Pero el tiempo pasa y, como ocurría con Benjamin Button, parece devolvernos la inocencia en lugar de arrebatárnosla. Y ahora creemos (sí, lo creemos) que la lesión de un jugador está por encima del prestigio de un escudo. Y ahora creemos (sí, lo creemos) que el Atlético de Madrid tiene más tablas. Y ahora creemos (sí, lo creemos) que un 0-0 en la ida para resolver en el Bernabéu es un mal resultado. Y así con tantas cosas que un día despreciamos y que hoy nos parecen quimeras. Como si nosotros, los de entonces, ya no pudiéramos volver a ser los mismos.
Observo a la afición madridista cómo se desgana minuto a minuto, como si los cuartos de Champions no tuvieran nada que ver con ella. “¿No te queda ya ningún interés?”, pregunta alguien en “A este lado del paraíso”. “Ya no tengo ninguna virtud que perder”, contesta el aludido. Y mientras Concha Espina espera, impaciente por comprobar si es cierto que todo ha terminado. Y sentimos miedo escénico en lugar de provocarlo. Y el minuto 7 no llega nunca. Y los 89 restantes dejan de ser “molto longos”.

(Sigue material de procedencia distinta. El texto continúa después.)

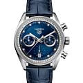 Роскошная версия шикарных TAG Heuer Carrera Chronograph CBS2214.FC6567 с бриллиантами. Престижные часы TAG Heuer Carrera сочетают в себе производительность и поразительную роскошь, создавая воодушевляющий и непринужденный элегантный образ. Часы оснащены мануфактурным механизмом TAG Heuer TH20-00. На матовом и полированном корпусе из стали можно увидеть сапфировое стеклоСапфировое стеклоПрочный и надёжный материал из кристалла сапфира синтетического происхождения, характеризующийся особой твёрдостью и устойчивостью к царапинам и повреждениям.. Элегантный циферблат дополняют индексы из 11 бриллиантов и роскошный безельБезельВнешний ободок, закрепляющий стекло. В спортивных часах так называется поворотное кольцо с делениями на циферблате, выполняет роль таймера – замеряет отрезки времени на шкале. Неподвижный безель – элемент декора. Однонаправленно вращающийся безель на дайверских часах позволяет фиксировать моменты погружения и выныривания на поверхность. из полированной стали с 72 бриллиантами. Ремень с раскладным замкомРаскладной замокДанный вариант застежки используется только на часах с металлическим браслетом. Отличительная особенность такого крепления в том, что длина браслета становится универсальной и вы можете самостоятельно отрегулировать нужный вам размер – застежка просто двигается по браслету часов.. Часы с люминесцентным покрытиемЛюминесцентное покрытиеПозволяет считывать показания времени в темноте. Производители наносят на стрелки, часовые индексы, безель или поверхность циферблата светонакопительный состав, дающий холодное свечение. с хронографом ХронографФункция позволяет измерять отрезки времени с особой точностью: часы, минуты, секунды. Верным признаком хронографа является наличие на циферблате 3 дополнительных окошек-счётчиков. и секундомеромСекундомерСекундоме́р — прибор, способный измерять интервалы времени с точностью до долей секунды..

Sin embargo, los personajes de Fitz (también el que se encargó de interpretar en la vida real) nos dejaban pendientes de una frase, de un gesto, de cualquier cosa que les hiciera superar el miedo que han alimentado durante tanto tiempo. En la obra, por fortuna, ese “algo” nunca llegaba.
Yo confío en que el paralelismo acabe aquí. Confío en que aparezca la cabeza de Ramos, el cañón de Cristiano, la magia de Isco, la ceja de Carlo, el guante de Casillas. Y quizás entonces Concha Espina luzca sus mejores galas antes del partido. Y provoquemos miedo escénico en lugar de sufrirlo. Y en el minuto 7 invoquemos al genio de Fuengirola. Y los 89 restantes sean “molto longos”. Y la noche, como aquella de Fitzgerald, siga siendo suave.
Señores, somos el Madrid.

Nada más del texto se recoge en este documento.